Work to be completed: A faithful copy is required: retype the records from their first line through the line with "Le bracelet conçu", and omit the pictures.

Stored data:
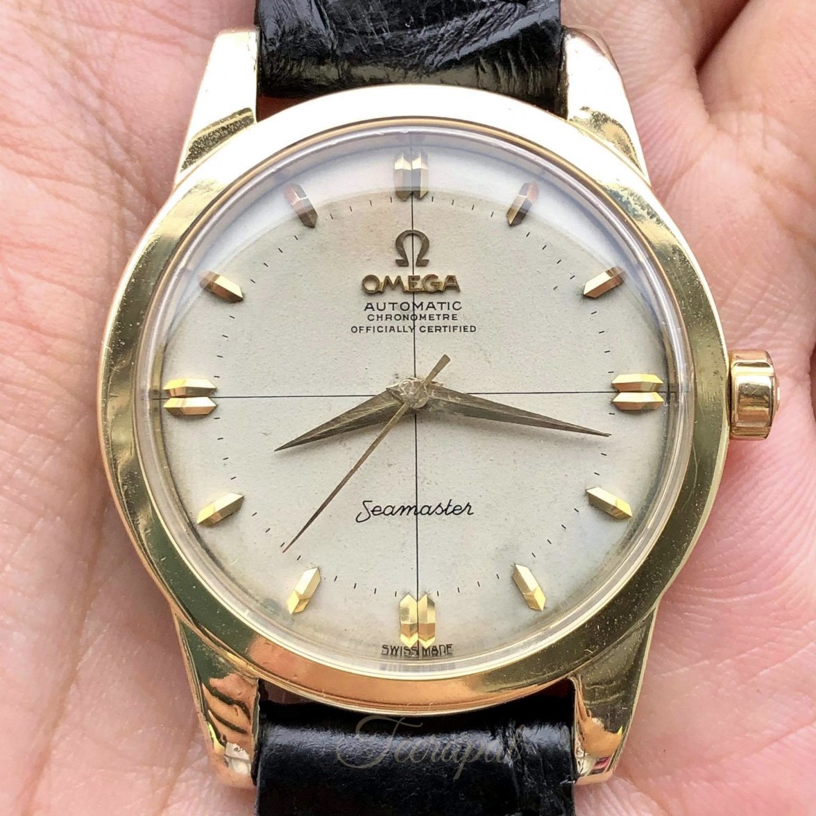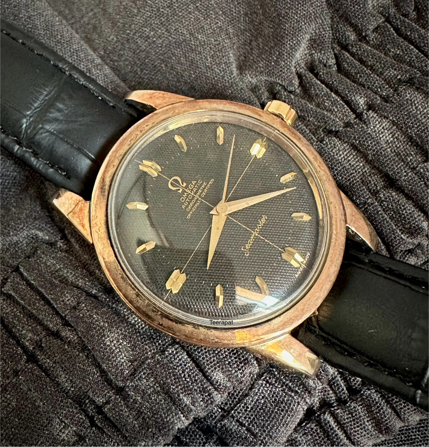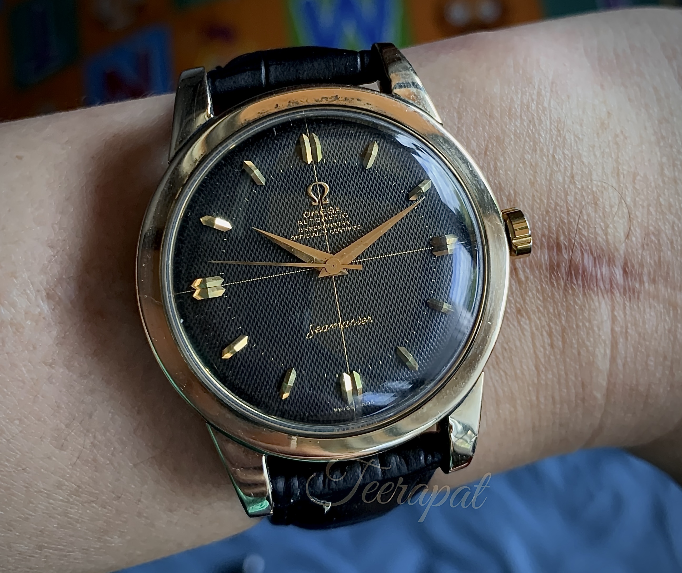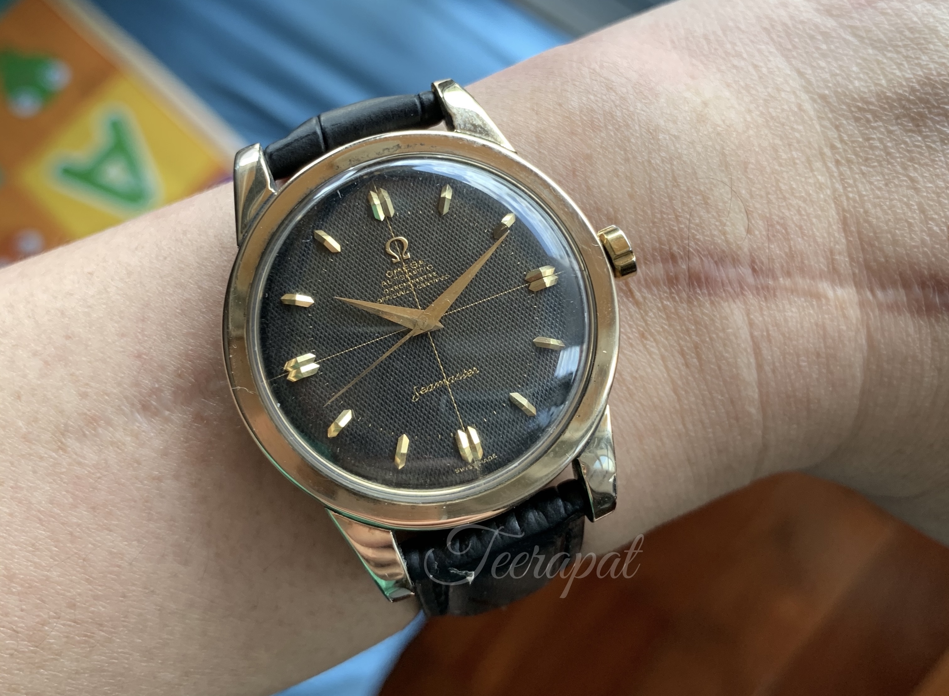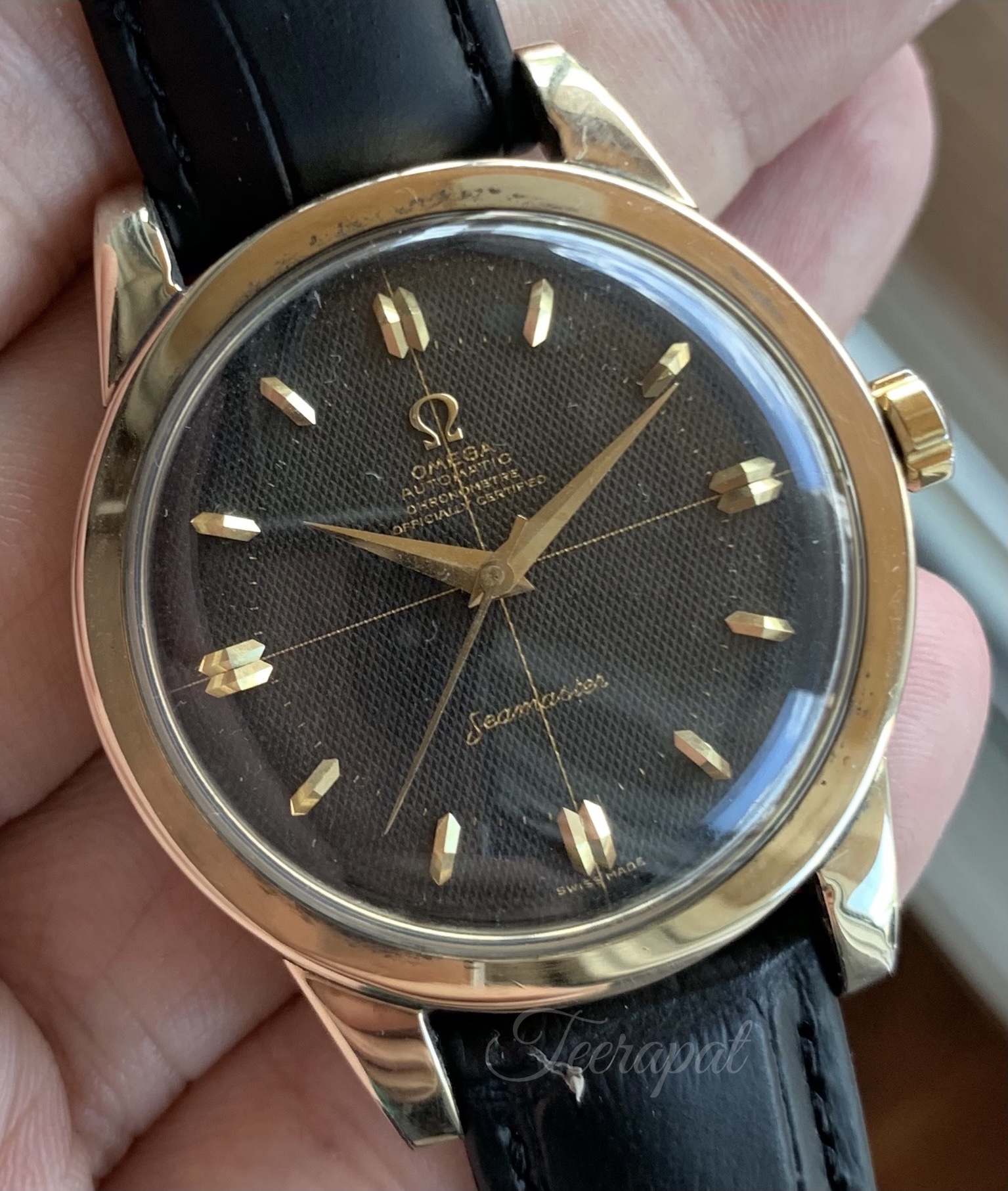 I would like to share this black waffle seamaster chronometre with larger case, approximately 36.5mm excluding the crown and 39.4 mm including the crown (larger than usual seamaster which is 34.5mm excluding the crown).
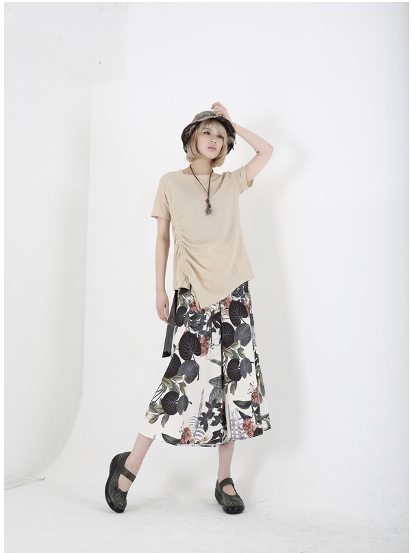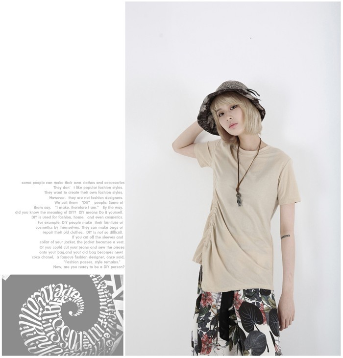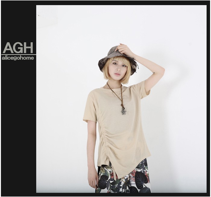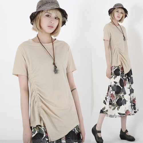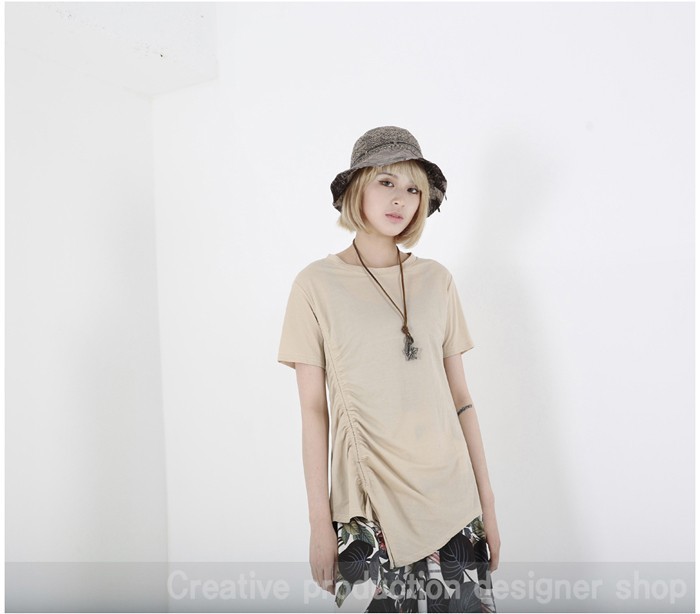 商品名:Tシャツ レディース 無地 半袖 アンバランス 夏 2018 モード系 個性的 40代 ファッション
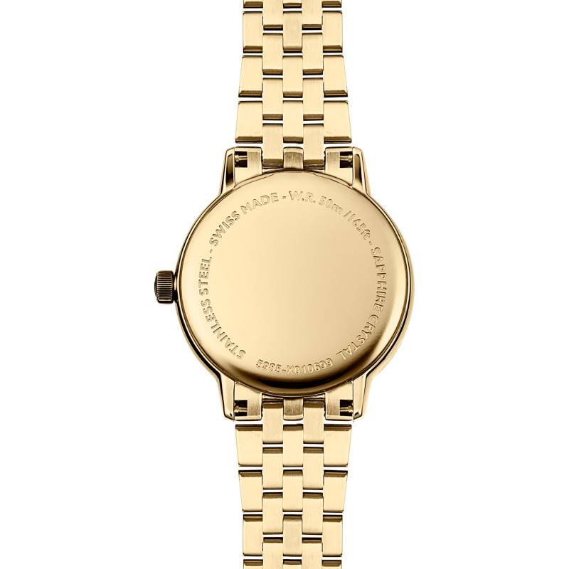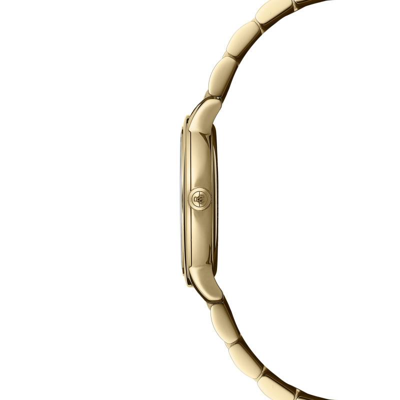 Le bracelet conçu en acier inoxydable, revêtu d'une finition PVD or jaune, incarne à lui seul une prouesse technique et esthétique. Avec sa sobriété brillante et son allure chic, il se marie idéalement au boîtier de la montre. Sa finition polie rehausse d'un éclat doré chaque oscillation du poignet. Doté d'une boucle déployante sécurisée par un fermoir de sécurité doré, il assure à la fois une mise en place aisée et une tranquillité d'esprit garantie, sachant que la montre reste fixée avec sûreté quelle que soit l'activité.
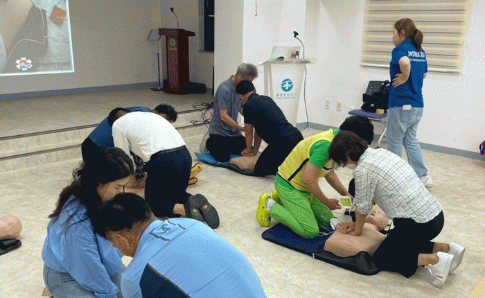 이번 교육은 ▲일반인 심폐소생술 기본 ▲자동심장충격기 관리 방법 순서로 이론과 마네킹을 이용한 1:1 실습이 함께 진행됐다.
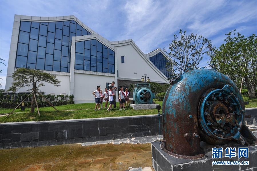 6月17日,洛舍鎮(zhèn)中心學(xué)校的學(xué)生們?cè)诼犓轲^的水利專家講解軸流泵等水利設(shè)備。新華社記者 徐昱 攝
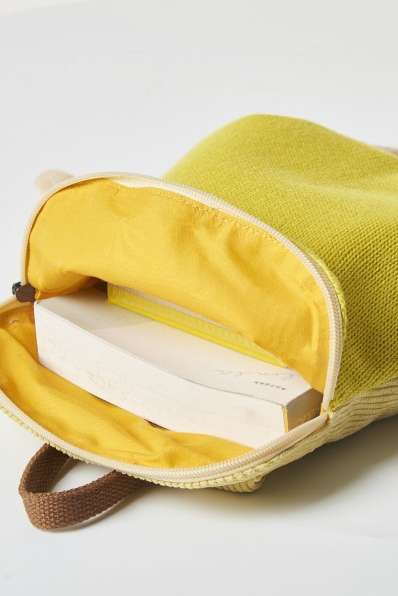 Nuestra mochila pollito de crochet está confeccionada en algodón natural 100%, hipoalergénico, muy suave al tacto, en color amarillo. Un divertido y tierno diseño en forma de animalito. Hemos pensado hasta el último detalle, como sus alitas y su pico. Un excelente compañero de viaje para los niños. La mochila pollito dispone de un espacio de almacenaje con cierre en cremallera, asas y cintura ajustables para llevarla cómodamente.
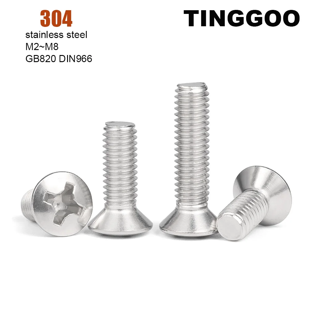 2/50Pcs M2 M2.5 M3 to M10 GB820 DIN966 304 Stainless Steel Cross Recessed Phillips Half Oval Raised Countersunk Head Screw Bolt

Exercise solution:
 I would like to share this black waffle seamaster chronometre with larger case, approximately 36.5mm excluding the crown and 39.4 mm including the crown (larger than usual seamaster which is 34.5mm excluding the crown).
 商品名:Tシャツ レディース 無地 半袖 アンバランス 夏 2018 モード系 個性的 40代 ファッション
 Le bracelet conçu en acier inoxydable, revêtu d'une finition PVD or jaune, incarne à lui seul une prouesse technique et esthétique. Avec sa sobriété brillante et son allure chic, il se marie idéalement au boîtier de la montre. Sa finition polie rehausse d'un éclat doré chaque oscillation du poignet. Doté d'une boucle déployante sécurisée par un fermoir de sécurité doré, il assure à la fois une mise en place aisée et une tranquillité d'esprit garantie, sachant que la montre reste fixée avec sûreté quelle que soit l'activité.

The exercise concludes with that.